Paper No. 11
Presentation Time: 8:00 AM-5:30 PM
EVALUATING DEEP GROUNDWATER INPUTS TO THE ALBUQUERQUE BASIN ADJACENT TO THE SANDIA MOUNTAINS
FRUS, Rebecca Jane1, CROSSEY, Laura J.
2, KARLSTROM, Karl E.
2, DAHM, Clifford N.
3 and ALI, Abdul-Mehdi S.
2, (1)Earth and Planetary Sciences, University of New Mexico, 1 University of New Mexico, Northrop Hall, Albuquerque, NM 87131, (2)Earth and Planetary Sciences, University of New Mexico, Albuquerque, NM 87131, (3)Biology, University of New Mexico, MSC03 2020, 1 University of New Mexico, Albuquerque, NM 87131-0001, rfrus@unm.edu
Within the Albuquerque Basin there are distinct hydrochemical zones defined by chemical and isotopic gradients. Boundaries for the eastern-most hydrochemical zones are located near major faults. Sandia Mountain springs are significant sources of recharge for these hydrochemical zones and the springs are also located along and near major faults. Within the scope of this research, waters collected and analyzed are combined with existing geochemical data of Sandia Mountain springs and Albuquerque Basin wells. The geochemical data and a geologic framework of the area are used to evaluate pathways of groundwater recharge and possible sources and concentrations of contaminates. Nine of the Sandia Mountain springs recharge the Eastern Mountain Front hydrochemical zone and have an average pH of 7.69, average temperature of 14.5°C, and an average conductivity is 665 µS/cm. To the south, the Tijeras fault zone and Tijeras arroyo hydrochemical zones have seven springs with an average pH of 6.92, average temperature of 12.7°C, and an average conductivity of 1077 µS/cm, with the highest value at 3500 µS/cm.
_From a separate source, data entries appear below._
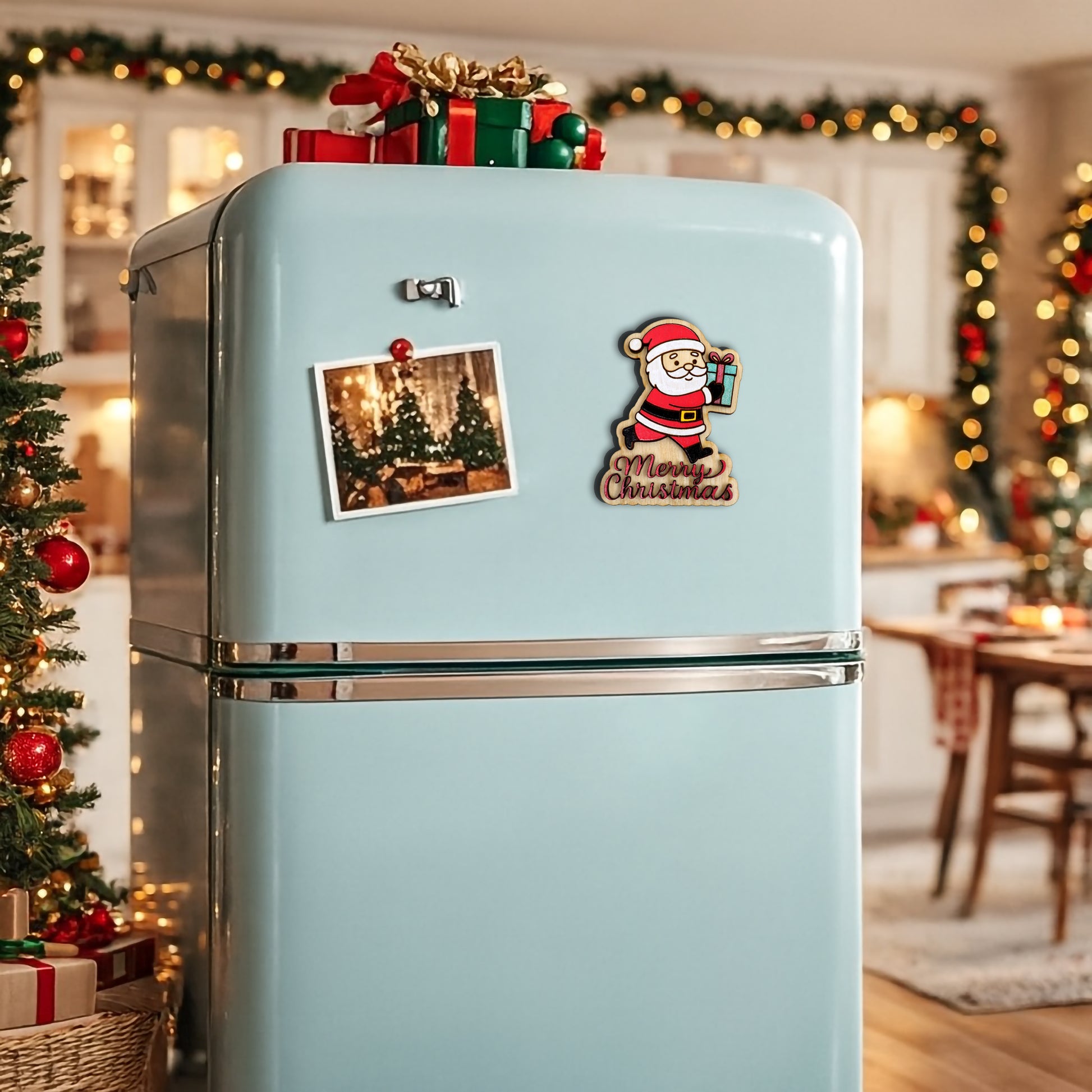 Crafted from premium wood and precision laser-cut for crisp details, this adorable magnet features a cheerful Santa carrying a gift above a beautifully scripted “Merry Christmas” message. Each piece is individually hand-painted, giving it a warm, artisanal feel that stands out on any fridge, whiteboard, or metal surface.
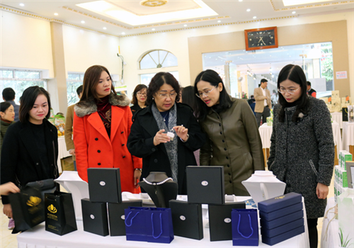 Các đại biểu tham quan gian hàng sản phẩm ngọc trai của Công ty TNHH một thành viên Queen Pearl Sơn La.
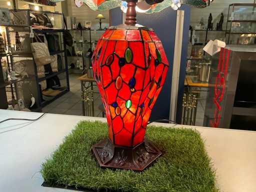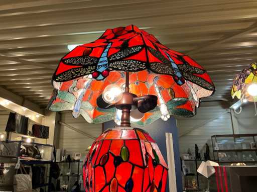 TIFFANY Tafellamp met licht in voet en parels-dragonfly decoratie
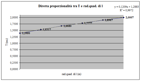Attraverso il grafico è stata dimostrata la diretta proporzionalità tra il periodo e la radice quadrata della lunghezza. Inoltre, il coefficiente angolare della retta ottenuta è molto vicino a 1.
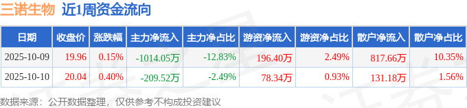 资金流向数据方面,本周三诺生物主力资金合计净流出1223.58万元,游资资金合计净流入274.74万元,散户资金合计净流入948.84万元。本周资金流向一览见下表:

Recently, the City of Albuquerque has drastically reduced its mining of groundwater, transitioning to surface waters for part of municipal demands. Groundwater levels appear to be recovering but it is unclear how the water quality will be affected. Utilizing geochemical models (Phreeqc and Geochemist’s WorkBench) we will create mixing and water rock interaction scenarios to better understand the hydrochemical variations in the aquifer. Geologic structures can affect aquifer hydrochemistry by introducing deep fluids which can be sources of salinity and contaminants such as arsenic, uranium and fluoride. Applying multiple tracers, e.g., stable isotopes, major ion concentrations, strontium isotopes, and noble gases, will help to evaluate how the geochemistry of spring waters and fluid inputs along regional geologic structures may impact the groundwater quality.